When we spread our digits we see a very small patch of skin between our digits.The same feature is very well seen in bats.flying squirrels and flying lemurs,etc.Does this not show that humans ancestors might have evolved from tree dwelling organisms.
If that patch of skin wasn't there between our "Digits" then we wouldn't be able to open our fingers too well because that patch of skin allows you to spread your fingers easily. And, it also allows us to swim better with our hands as "Oars".
As I know only bats have skin between their phalanges. Others such as squirrels just have between front and hind legs. And no it does not show that we evolved from any of those groups. Neither from aquatic forms like Lutra (otter I think) or beaver although thay also have swiming skin between their phalanges.
"In wildness is the preservation of the world" J. Hatfiled
It must be a coincidence, as bats evolved to fly, not glide. I've never seen a morphology of skin between the digits that would allow for gliding rather than flight, and no human forerunner could fly. It's much more reasonable to think along beetle's and zim's lines.
That cannot be true the ancestors of monkeys might be tree dwelling animals like the ancestors of bats.the flying squirrel example was to tell that tree dwelling mammals evolved to flying squirrels,bats,small monkeys,etc.
"Nothing in biology makes sense except in the light of evolution"
You're falling into the trap of homologous and analogous structures. Just because echidnas have spines, doesn't mean they evolved from porcupines. Similarly, just because dolphins have dorsal fins, doesn't mean they evolved from Tuna.
Some humans have genetic anomalies that cause their feet or hands to be webbed. That demonstrates that our genome has the capacity to cause that to happen, but not necessarily that we at one time had an ancestor with webbed feet and or hands.
I don't want to discourage you from scientific inquiry, but perhaps next time you have a hypothesis, you can do a little research before posting.
Speaking of bats does anyone knows what animals were the ancestors of them? And when did thay evolved and become true (todays) bats? I never thoght about it.
"In wildness is the preservation of the world" J. Hatfiled
That's still a pretty big mystery. The fossil record doesn't really have much information on that point. In fact, the evolution of flight as a whole is still quite a mystery.
There are different hypotheses:
1. They were arboreal gliders that evolved powered flight
2. They were terrestrial and used a patagium for intimidation and escape.
3. They evolved independently from a flying proto-mammal
we really don't know though. So if you're looking for something to dedicate your life's research to, there you go!

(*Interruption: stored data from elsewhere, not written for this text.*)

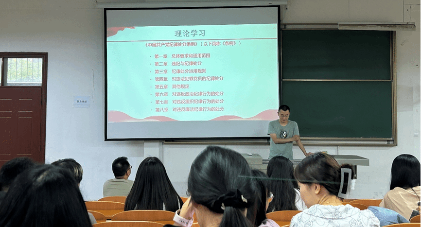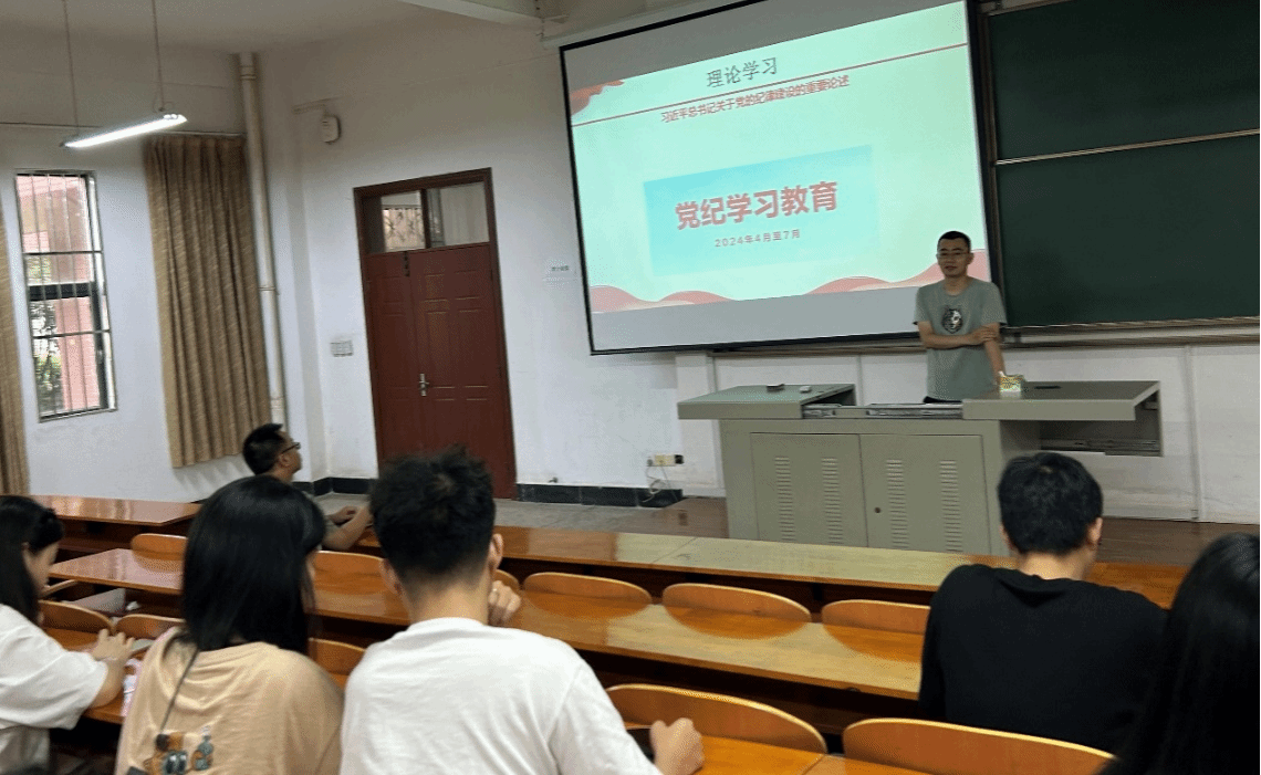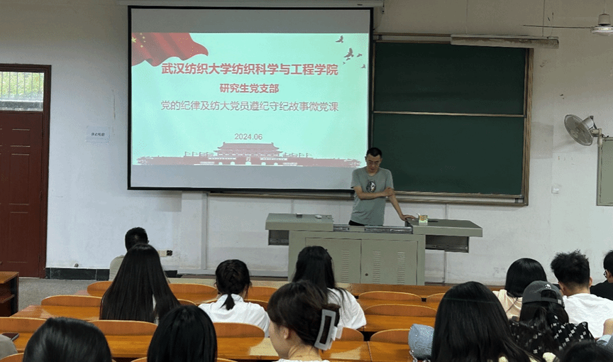 纺织学院研究生第一党支部于2024年6月20日晚七点在8H-502开展了党纪学习教育以及微党课活动。支部书记唐晓宁及全体党员参会,会议由支部副书记潘钰主持。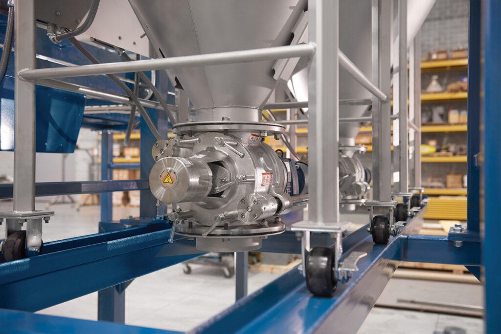 Hoppers discharge through stainless steel rotary valves equipped with support rails that allow the rotor assembly to separate from the valve body without tools for rapid for sanitizing.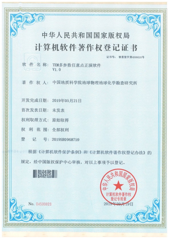 “TEM多参数任意点正演软件V1.0”。此软件可实现非规则装置条件下瞬变电磁正演,有效消除工作装置和地形带来的干扰,解决辽东地区复杂地形条件下非规则装置数值模拟,为反演解释奠定了坚实基础。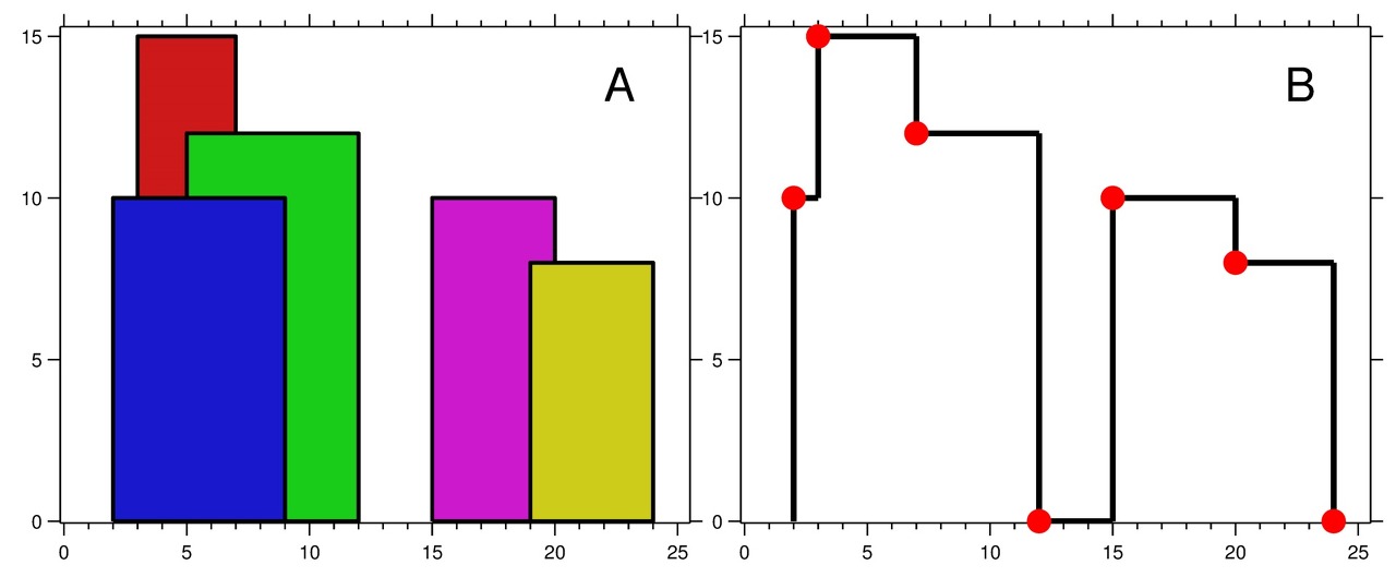 Figure B shows the skyline formed by those buildings. The red points in figure B represent the key points in the output list.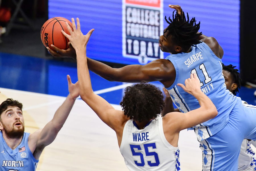 Dec 19, 2020; Cleveland, Ohio, USA; North Carolina Tar Heels forward Day’Ron Sharpe (11) and guard Andrew Platek (3) go for a rebound against Kentucky Wildcats forward Lance Ware (55) during the second half at Rocket Mortgage FieldHouse. Mandatory Credit: Ken Blaze-USA TODAY Sports

Hey AustusAleator I did not put on this topic before any research did you know evolutionary studies says that bats are more related to humans than to rodents.
For your question Beetle Bats are supposed to be divide from genus purgatorios which lived about 65 million years ago this is the genus from which even humans evolved but a very long after the evolution of bats.Bats were considered to be close relatives of flying lemurs but genetical studies deny this fact it is said bats and flying lemurs must have evolved from the same ancestor.If you want to know more I might help you.Little epauletted bat does have a face like a flying lemur or even a rat.
Amazing. I never thought of that but there definitely does seem to be a family resemblance.
Generally speaking, the more people talk about "being saved," the further away they actually are from true salvation.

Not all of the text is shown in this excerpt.